Lael M Yonker, Zoe Swank, Yannic C Bartsch, Madeleine D Burns, Abigail Kane, Brittany P Boribong, Jameson P Davis, Maggie Loiselle, Tanya Novak, Yasmeen Senussi, Chi-An Cheng, Eleanor Burgess, Andrea G Edlow, Janet Chou, Audrey Dionne, Duraisamy Balaguru, Manuella Lahoud-Rahme, Moshe Arditi, Boris Julg, Adrienne G Randolph, Galit Alter, Alessio Fasano, David R Walt, Lael M Yonker, Zoe Swank, Yannic C Bartsch, Madeleine D Burns, Abigail Kane, Brittany P Boribong, Jameson P Davis, Maggie Loiselle, Tanya Novak, Yasmeen Senussi, Chi-An Cheng, Eleanor Burgess, Andrea G Edlow, Janet Chou, Audrey Dionne, Duraisamy Balaguru, Manuella Lahoud-Rahme, Moshe Arditi, Boris Julg, Adrienne G Randolph, Galit Alter, Alessio Fasano, David R Walt

Abstract

Background: Cases of adolescents and young adults developing myocarditis after vaccination with severe acute respiratory syndrome coronavirus 2 (SARS-CoV-2)-targeted mRNA vaccines have been reported globally, but the underlying immunoprofiles of these individuals have not been described in detail.

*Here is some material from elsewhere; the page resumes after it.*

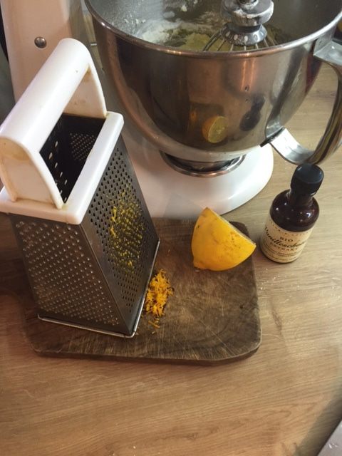 Цедру лимона и ванильный экстракт вмешиваем в тесто. Хорошо взбиваем тесто.
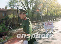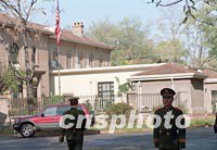 圖文:紐約空難后美國駐華大使館擴大警戒范圍 2001年11月13日 15:37 ![]() 北京警方13日在美國駐中國大使館前增加警力并擴大了警戒范圍,幾條通往使館門前的道路都設置了路障,禁止行人和車輛通行。美國美洲航空公司一架空中客車十二日在紐約墜毀,是否與恐怖主義襲擊有關仍有待進一步調查。中新社圖 武仲林 攝 ![]() 美國墜機事件后,中國軍方十三日對位于北京建國門外的美國使館區(qū)加強安保工作!熬乓灰弧焙笠恢睂嵭薪鋰赖拿朗桂^區(qū)內秩序安定。中新社圖 劉殊瑾 攝

Methods: From January 2021 through February 2022, we prospectively collected blood from 16 patients who were hospitalized at Massachusetts General for Children or Boston Children's Hospital for myocarditis, presenting with chest pain with elevated cardiac troponin T after SARS-CoV-2 vaccination. We performed extensive antibody profiling, including tests for SARS-CoV-2-specific humoral responses and assessment for autoantibodies or antibodies against the human-relevant virome, SARS-CoV-2-specific T-cell analysis, and cytokine and SARS-CoV-2 antigen profiling. Results were compared with those from 45 healthy, asymptomatic, age-matched vaccinated control subjects.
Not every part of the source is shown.